2009年5月1日金曜日

前途洋々 「第3の柱」

4,000万枚突破した「suica」と「PASMO」

 「Suica」と「PASMO」の発売枚数が4月5日で4000万枚を突破した。JR東日本は、このスイカ事業を本来の鉄道事業、駅と鉄道に関連した生活サービス事業に次いで「第3の柱」と位置づけている。「改札」の変革から思わぬ発展へ、である。 
 スイカのサービスが始まったのは、2001年11月18日だった。新宿駅南口でオープニングセレモニーが行われ、東京圏424駅で一斉に導入された。 
 その後、04年3月22日に電子マネーサービスを始め、07年3月18日からは「PASMO」が登場し、首都圏ではカード1枚でJRも私鉄も都営も改札が「タッチ・アンド・ゴー」となって、便利になった。 
 で、08年1月に「Suica」と「PASMO」の発売枚数が3000万枚を超えた。その伸びはさらに加速して、4月5日現在で4003万枚(Suica2812万枚、PASMO1191万枚)となっている。 
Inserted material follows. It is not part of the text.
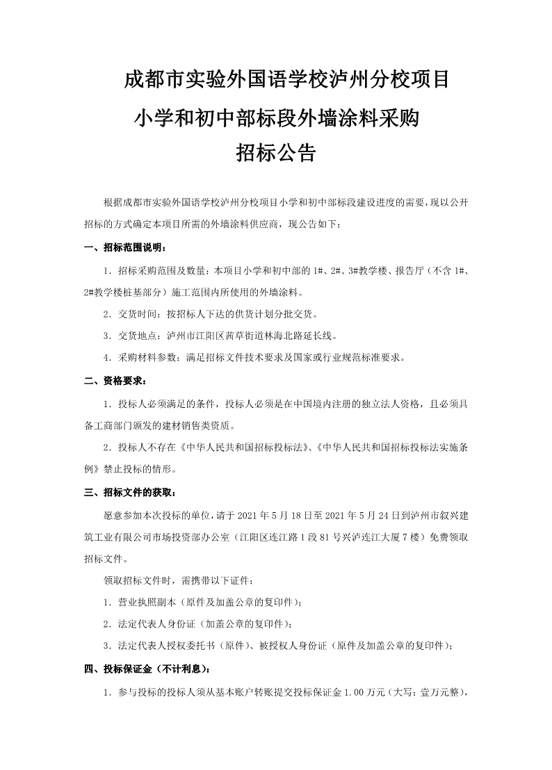 成都市實(shí)驗(yàn)外國(guó)語(yǔ)學(xué)校瀘州分校項(xiàng)目小學(xué)和初中部標(biāo)段外墻涂料采購(gòu)招標(biāo)公告 作者: 來(lái)源: 日期:2021-05-17 瀏覽次數(shù): 次 【字體:小 大】 【打印正文】

 「改札」の変革から思わぬ発展へ、という表現は2月2日、交通協力会が主催した交通シンポジウム「鉄道の将来展望―技術と経営はどうあるべきか」の中で、JR東日本の大和田徹常務のスライドにあった。 
 改札係の駅員がカチャカチャと芸術的な音を響かせながら乗客の切符を切っていたのは、そう昔ではない。そういえば切符を乗客に持たせたまま入鋏する、改札係の「持たせ切り」が問題になったこともあった。 
 自動改札は私鉄が先行していて「国鉄のような広いネットワークを持つ鉄道では自動改札は無理だ」というのが常識になっていた。山之内秀一郎著『JRはなぜ変われたか』によると、自動改札の導入はキセル防止になるのではないか、その損失額を年間300億円、売上にすると6000億円を失っていると試算。「自動改札は採算のあう設備投資」となったというのだ。 
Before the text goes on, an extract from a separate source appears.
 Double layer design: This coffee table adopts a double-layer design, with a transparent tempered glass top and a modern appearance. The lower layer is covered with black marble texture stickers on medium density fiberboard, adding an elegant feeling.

 JR東日本が始めたのは90年。しかし、定期券の乗客はいちいちケースから出さなくてはならない、今から思えば大変不便なものだった。むろんすでにスイカの開発は進められていた。その功労者は三木彬生(現神奈川臨海鉄道㈱特別顧問)、椎橋章夫(JR東日本執行役員IT・Suica事業本部副本部長)氏らだが、詳しくはJR東日本のHPの研究開発ストーリー「Suica誕生」をお読みいただきたい。 
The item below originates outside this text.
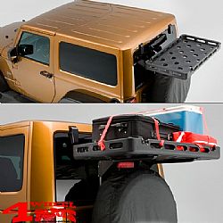 When combined with Bestop Universal Rack Tray this handy adjustable Bracket allows you to store up to 23 kilos of gear above the spare wheel on the rear of your Jeep
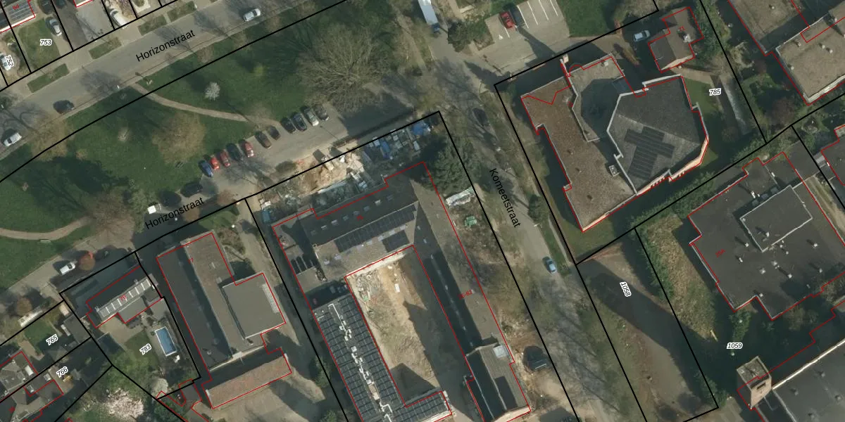 Het perceel waarop Komeetstraat 40 staat heeft een oppervlakte van 4035 m². Dit is een zeer groot perceel. De perceeloppervlakte wordt geregistreerd door het Kadaster. Gedetailleerde informatie over de maten van dit perceel kunt u vinden in het rapport Kadastrale kaart met maatvoering van Komeetstraat 40.

 香港では97年9月からオクトパスを導入していた。カードにICチップが内蔵されていて、地下鉄もバスも自動改札装置にかざすだけで通過できるうえ、ショッピングにも利用されていた。今のスイカと同じ機能を持っていたのである。 
 香港に負けてはいられないというものの、ICカードは磁気券と比べ一桁高かったという。実用化に向け弾みがついたのは「1枚500円のデポジットをお預かりする」というアイデアにあったと、山之内さんは書いている。 
 大和田常務の発表によると、スイカ事業は「グループ経営ビジョン2020―挑む―」で経営の第3の柱として確立させる、とある。スイカは乗車券の機能や、駅ナカで買物をするときの電子マネー機能、クレジットカードや携帯電話との一体化のほか、個別認証機能を持つことからオフィスビルへの入退館、商店のサービスポイント制などにも活用できる。そのうえチップにはまだ他に機能を載せる「空き」があり、「さらなるビジネス展開」も可能という。 
 駅の券売機もそうたくさん必要なくなり、駅構内のスペースの再編で新たなサービスを提供することが可能だ。将来的には駅空間全体がモデルチェンジされる。 
 そして「ライフスタイルに革命」をもたらし、「Suicaシステム」が社会インフラ化される、と大和田常務は胸を張った。